Thursday, January 30, 2014

FLASH UPDATE: High Yield Defaults are Minuscule - Are You Comfortable?

“When the default tidal wave eventually hits, it will be very big,” said Marty Fridson, CEO of FridsonVision, LLC.  Mr. Fridson expects $1.6 Trillion (face), or $752 Billion (market value), of high yield corporate debt to default between 2016 and 2020.  This implies a 30% default rate cumulatively over that four year period.  The global default rate in junk bonds fell to 2.8% at the end of December 2013.  By way of comparison, according to Moody’s, the global high yield default rate finished 2007 at 0.9% and subsequently peaked at approximately 19% at the end of 2009.  The average default rate over the last 25 years is approximately 5.0%. 

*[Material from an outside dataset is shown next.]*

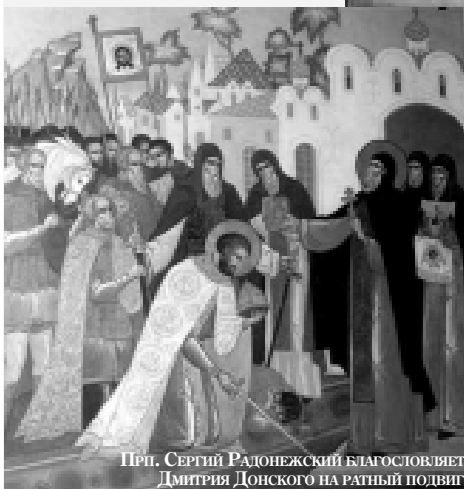
Прп. Сергий Радонежский благословляет Дмитрия Донского на ратный подвиг

Если кому, то именно нам нужно помнить заповедь Христову: «Нет больше той любви, как если кто положит душу свою за друзей своих». Душу свою полагает не только тот, кто будет убит на поле сражения за свой народ и его благо, но и всякий, кто жертвует собой, своим здоровьем или выгодой ради родины. Нам, пастырям Церкви, в такое время, когда отечество призывает всех на подвиг, недостойно будет лишь молчаливо посматривать на то, что кругом делается, малодушно-го не ободрить, огорченного не утешить, колеблющемуся не напомнить о долге и о воле Божией. А если, сверх того, молчаливость пастыря, его некасательство к переживаемому паствой объяснится еще и лукавыми соображениями насчет возможных выгод на той стороне границы, то это будет прямая измена родине и своему пастырскому долгу, поскольку Церкви нужен пастырь, несущий свою службу истинно «ради Иисуса, а не ради хлеба куса», как выражался свт. Димитрий Ростовский. Положим же души свои вместе с нашей паствой. Путем самоотвержения шли неисчислимые тысячи наших православных воинов, полагавших жизнь свою за родину и веру во все времена наше- ствий врагов на нашу родину. Они умирали, не думая о славе, они думали только о том, что родине нужна жертва с их стороны, и смиренно жертвовали всем и самой жизнью своей.

In the last 25 years, every period of sustained default rates below 5.0% have resulted in multi-year periods of default rates that exceed 10% (see Chart 1).  Low current default rates are a poor barometer of a company’s ability to survive.  At the end of December, the spread between junk bonds and Treasuries broke below 400 bps for first time since July 2007 and the spread between junk bonds and investment-grade bonds hit all-time tight levels.  High yield companies have had incredibly cheap and nearly unfettered access to capital in the recent easy money environment.  Despite this access, many of the lower-tier companies in the high yield universe have been unable to compete with their peers, grow the top-line, innovate, generate positive cash flow or EBITDA.  Taking all of this into account, combined with the unprecedented record high yield bond issuance over the last two years (see Chart 2), it is quite clear that junk bond investors are being paid very little to take on a huge amount of default risk. 

Chart1

Chart 2

Tradex has done a tremendous amount of research on the lower tier of the junk bond universe, with a particular focus on single-B and CCC-rated bonds.  Historically, academic studies show that (on a cumulative basis) more than 45% of CCC rated bonds default within 4 years of issuance.  We agree with Mr. Fridson’s default forecasts and think that the ability to identify and be short of worst-of-the-worst, highly levered, longer-dated, subordinated or unsecured junk bonds in the lower-rated tier will be an incredibly successful strategy over the next five years.